Parameter space representations¶

Parameter space representations are \(d \times d\) objects that define metrics in parameter space such as:

Fisher Information Matrices/Gauss-Newton matrix

Gradient 2nd moment (e.g. the sometimes called Empirical Fisher)

Other covariances such as in Bayesian Deep Learning

These matrices are often too large to fit in memory, for instance when \(d\) is in the order of \(10^6 - 10^8\) as is typical in current deep networks. Here is a list of parameter space representations that are available in NNGeometry, computed on a small network, represented as images where each pixel represent a component of the matrix, and the color is the magnitude of these components. These matrices are normalized by their diagonal (i.e. these are correlation matrices) for better visualization:

nngeometry.object.pspace.PMatDense representation: this is the usual dense matrix. Memory cost: \(d \times d\)
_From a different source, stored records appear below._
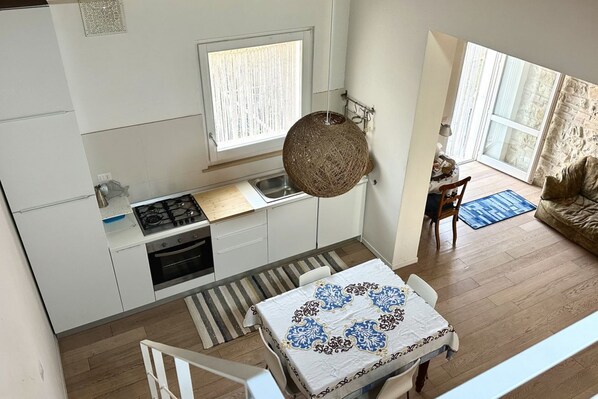 Description: first floor of a terraced house in Conero stone. Completely renovated and tastefully furnished. Large living room with sofa, dining table and kitchenette with dishwasher - mezzanine with double sofa bed - master bedroom with double bed - bathroom with shower cubicle and washing machine - small terrace with awning overlooking the private, fenced garden equipped with table and seats.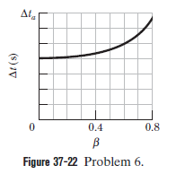 Reference frame S’ is to pass reference frame S at speed v along the common direction of the and x axes, as in Fig. 37-9. An observer who rides along with frame S’ is to count off a certain time interval on his wristwatch. The corresponding time interval is to be measured by an observer in frame S. Figure 37-22 gives versus speed parameter for a range of values for . The vertical axis scale is set by ta 14.0 s. What is interval if v = 0.98c?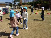 とってもいい天気だったので、すみれ組みんなで「けいどろ」鬼ごっこをしました。ルールをみんなで確認して警察組、どろぼう組に分かれてスタートです。「ぜったいつかまらないぞ!」と逃げ回るどろぼう組と両サイドから攻めてくる警察組と…園庭中を走り回ります。「つかまえた!」などの声や子どもたちの笑い声が園庭中に響き渡っていました。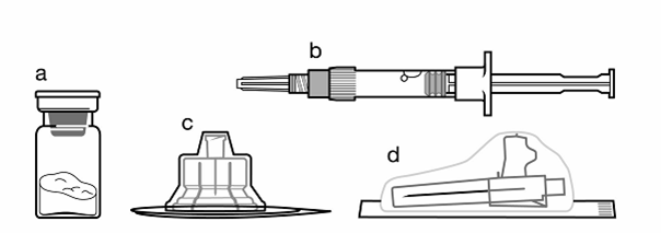 Die Sicherheitsnadel auf die Spritze schrauben. Die Fertigspritze behutsam bewegen, um eine homogene milchige Suspension zu erhalten.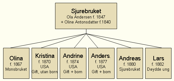 Ola og Olina hadde fekk i alt 8 born. To av desse døydde som spedbarn (Christina f. 1869 og Anders f. 1873 ) og er ikkje med i tekstdelen. Desse namna vart gjevne til born som vart fødde etterpå og viser kor viktig det var å føre namnetradisjonane vidare. Dei borna som voks opp var Olina f. 1867, Kristine f. 1870, Andrine f. 1874, Anders f. 1877, Andreas f. 1880 og Lars f. 1882. Lars døydde ung, medan dei andre 5 vart vaksne og stifta eigen familie.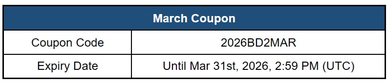 Use coupon code 2026BD2MAR between February 28th, 2026 (3:00 PM UTC) and March 31st, 2026 (2:59 PM UTC) to redeem your offer.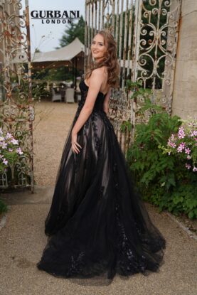 Black Satin Corset A-Line Prom Dress – G2808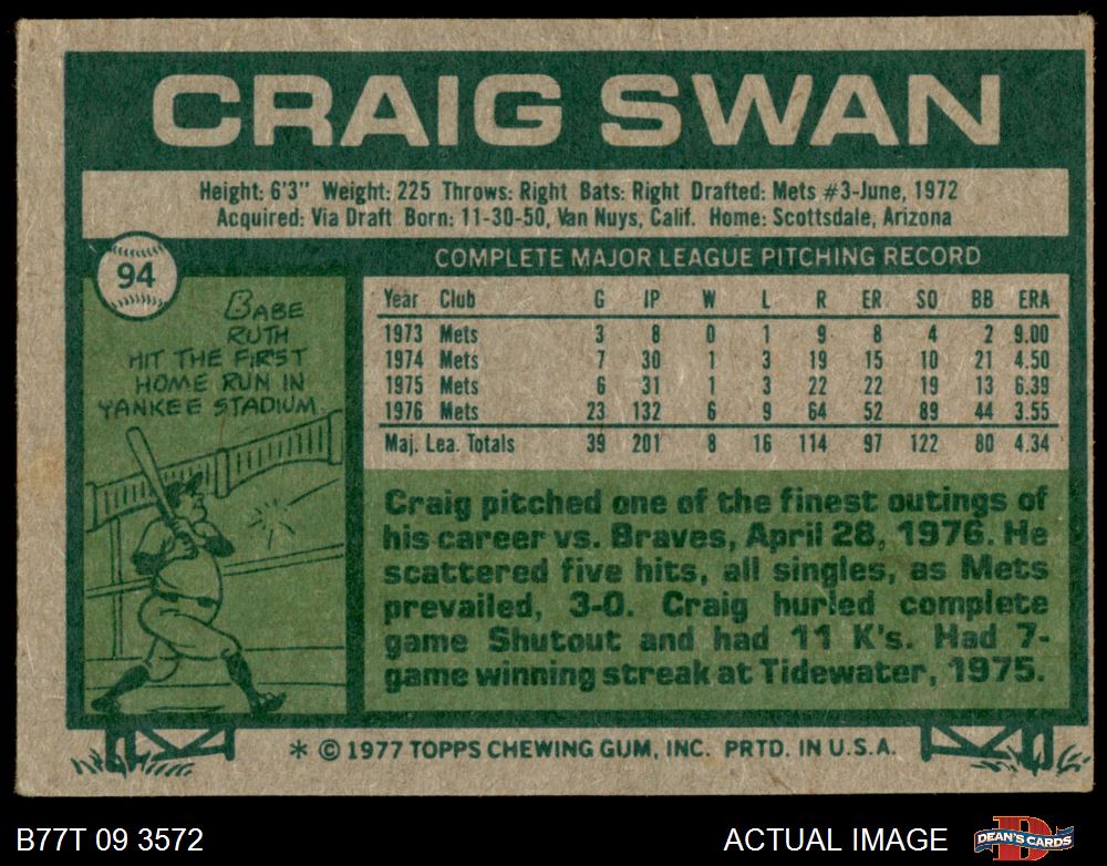 1977 Topps #94 Craig Swan

https://github.com/tfjgeorge/nngeometry/raw/main/docs/repr_img/PMatDense.png

nngeometry.object.pspace.PMatBlockDiag representation: a block-diagonal representation where diagonal blocks are dense matrices corresponding to parameters of a single layer, and cross-layer interactions are ignored (their coefficients are set to \(0\)). Memory cost: \(\sum_l d_l \times d_l\) where \(d_l\) is the number of parameters of layer \(l\).

https://github.com/tfjgeorge/nngeometry/raw/main/docs/repr_img/PMatBlockDiag.png

nngeometry.object.pspace.PMatKFAC representation [GM16, MG15]: a block-diagonal representation where diagonal blocks are factored as the Kronecker product of two smaller matrices, and cross-layer interactions are ignored (their coefficients are set to \(0\)). Memory cost: \(\sum_l g_l \times g_l + a_l \times a_l\) where \(a_l\) is the number of neurons of the input of layer \(l\) and \(g_l\) is the number of pre-activations of the output of layer \(l\).

https://github.com/tfjgeorge/nngeometry/raw/main/docs/repr_img/PMatKFAC.png

nngeometry.object.pspace.PMatEKFAC representation [GLB+18]: a block-diagonal representation where diagonal blocks are factored as a diagonal matrix in a Kronecker factored eigenbasis, and cross-layer interactions are ignored (their coefficients are set to \(0\)). Memory cost: \(\sum_l g_l \times g_l + a_l \times a_l + d_l\) where \(a_l\) is the number of neurons of the input of layer \(l\) and \(g_l\) is the number of pre-activations of the output of layer \(l\), and \(d_l\) is

https://github.com/tfjgeorge/nngeometry/raw/main/docs/repr_img/PMatEKFAC.png

nngeometry.object.pspace.PMatDiag representation: a diagonal representation that ignores all interactions between parameters. Memory cost: \(d\)

https://github.com/tfjgeorge/nngeometry/raw/main/docs/repr_img/PMatDiag.png

nngeometry.object.pspace.PMatQuasiDiag representation [Oll15]: a diagonal representation where for each neuron, a coefficient is also stored that measures the interaction between this neuron’s weights and the corresponding bias. Memory cost: \(2 \times d\)